Greece is affected not only on the electricity front but also on the gas side.
This is because on the one hand it experiences a drop in commercial consumption from bars, hotels and restaurants which have now closed down, but also because 65-70% of gas demand comes from the electricity sector.
“It’s hard to quantify the impact right now, but I would say that there is a double impact. On the one hand commercial consumption of gas is around 5-10%, on the other hand around 70% of gas consumption comes from electricity,” he said.
A second Greek trader said he expected some gas companies to forego off-taking LNG cargoes to rebalance supply and demand.
Like Greece, Turkey is also keen on protecting its tourism sector as the peak summer season is approaching.
For now, although commercial consumers such as bars, hotels and restaurants have been told to shut down, demand for electricity and gas has been increasing on the back of colder temperatures.
“I don’t expect the government to take any drastic measures because they’re looking to protect the economy,” a Turkish trader said.
“We may see a drop in demand but this may be offset by the impact of falling oil-indexed import gas prices which could drop by $70.00/kscm to $180.00-$190.00/kscm in the second half of the year.

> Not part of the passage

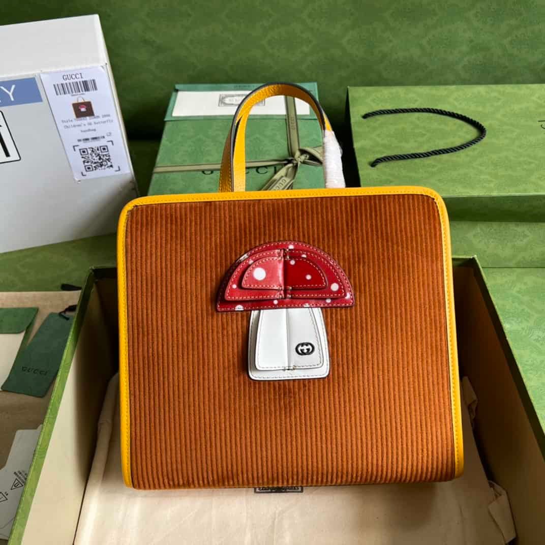 With a full set of original green box packaging Children’s Mushroom Tote Bag, this children’s tote bag is cleverly integrated with three-dimensional mushroom pattern details, which reminds people of the natural beauty of quiet woodlands and vast forests. Hide details, dark olive corduroy Leather mushroom patch with Interlocking G embroidery, interior open pocket, double handles, magnetic snap closure.
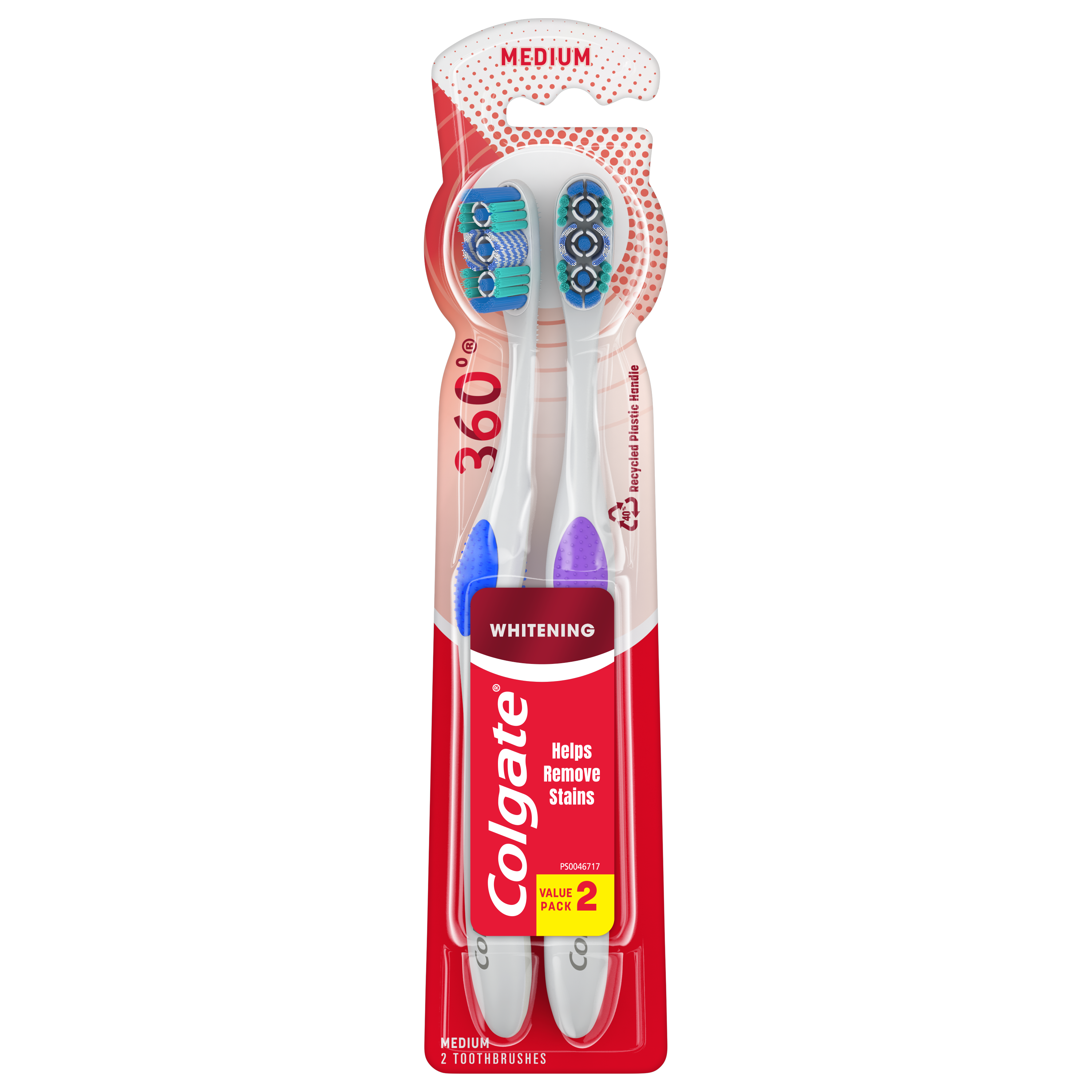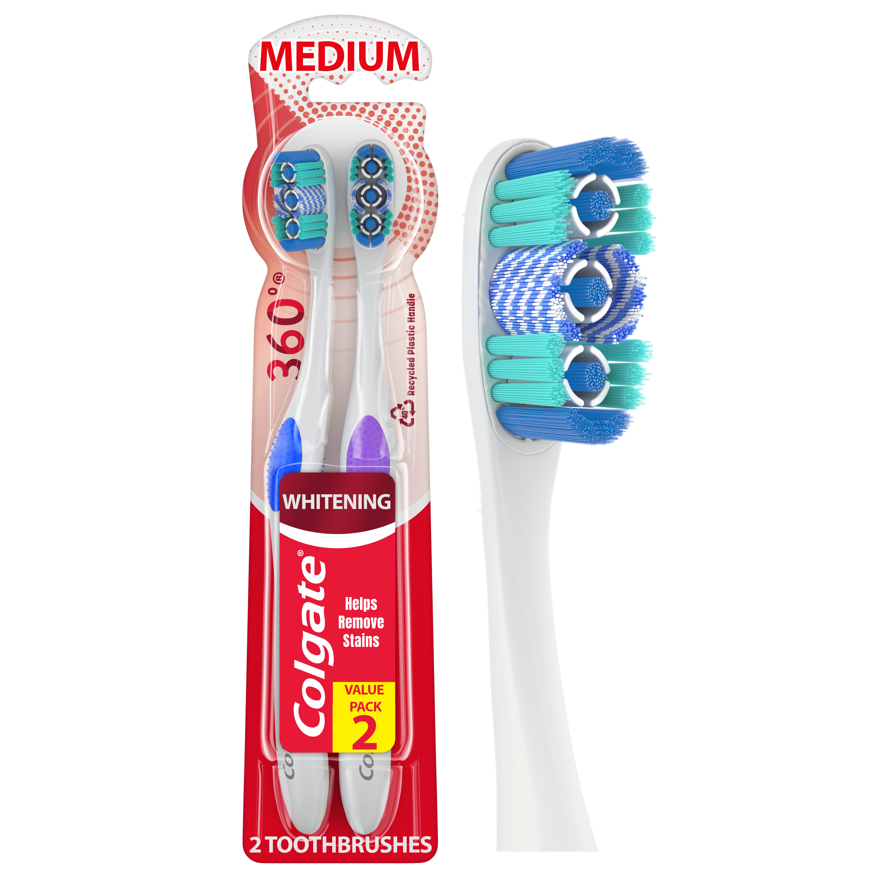 Colgate 360° Optic White Whitening Toothbrush, Medium - 2 Count

It’s true the Turkish lira has also been depreciating against the US dollar, but if it holds stable we may not be too affected,” he added.
However, he pointed out that wind production may be affected as Turkey may not be able to add some 1GW of new wind capacity this year as large turbine producers such as Siemens had stopping delivering them.
The Balkan country has taken similar measures, requesting commercial consumers to stop their activity.
One trader said consumers had the option to call force majeure, but added that the conditions for invoking it may not be clear cut and therefore it would be difficult to foresee how electricity and gas demand would fare in the upcoming weeks.